◆ Description of the task
Exact reproduction of the data is required, with images excluded.

◆ Information provided
####
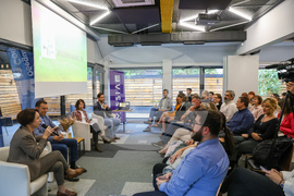 София (5 октомври 2023) Дискусия за културното развитие на София „Култура и град“ се провежда в event space MISSIA 23. Участват кандидатът за кмет на София Васил Терзиев, водачът на листата за общински съветници Борис Бонев, експерти, работещи в сектора и граждани. Снимка: Цветомир Петров/БТА (ЕД)
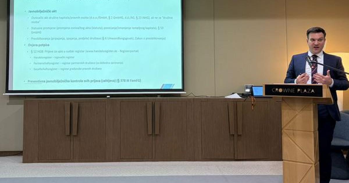 U radnom delu konferencije, Tomašić je govorio o ulozi javnih beležnika u nemačkom kompanijskom pravu, sa posebnim osvrtom na elektronsku komunikaciju sa privrednim registracionim sudovima i mogućnostima za autentifikaciju na daljinu.
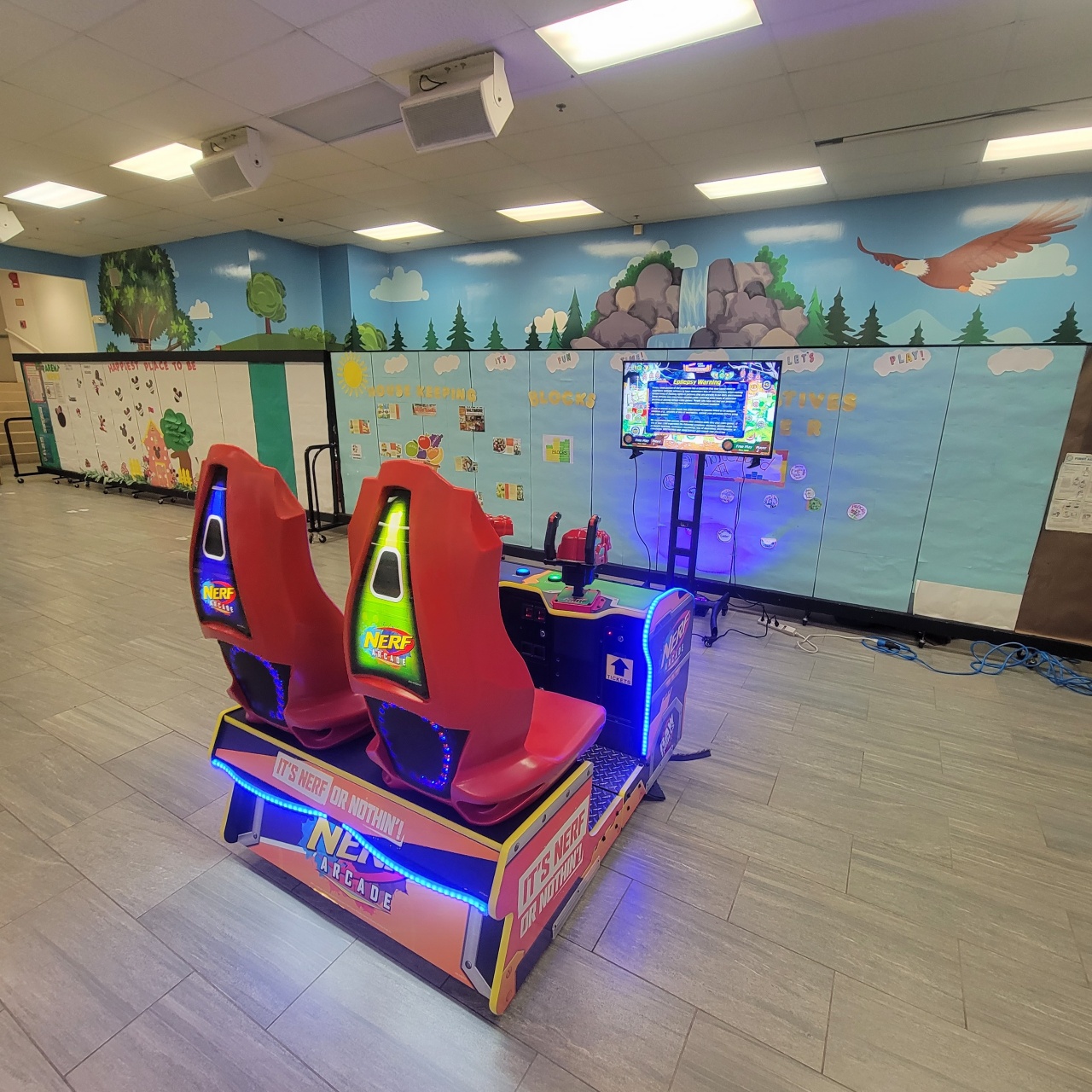 NERF ARCADE is a high-energy, fast-paced game that is exciting for kids of all ages and family-friendly. Players grab hold of two oversized NERF Blasters and shoot as many targets as possible to win or reach a high score. With 4 exciting levels and skill-based play. Single play or Multi-player video and arcade game.
####
◆ Exercise output
 София (5 октомври 2023) Дискусия за културното развитие на София „Култура и град“ се провежда в event space MISSIA 23. Участват кандидатът за кмет на София Васил Терзиев, водачът на листата за общински съветници Борис Бонев, експерти, работещи в сектора и граждани. Снимка: Цветомир Петров/БТА (ЕД)
 U radnom delu konferencije, Tomašić je govorio o ulozi javnih beležnika u nemačkom kompanijskom pravu, sa posebnim osvrtom na elektronsku komunikaciju sa privrednim registracionim sudovima i mogućnostima za autentifikaciju na daljinu.
 NERF ARCADE is a high-energy, fast-paced game that is exciting for kids of all ages and family-friendly. Players grab hold of two oversized NERF Blasters and shoot as many targets as possible to win or reach a high score. With 4 exciting levels and skill-based play. Single play or Multi-player video and arcade game.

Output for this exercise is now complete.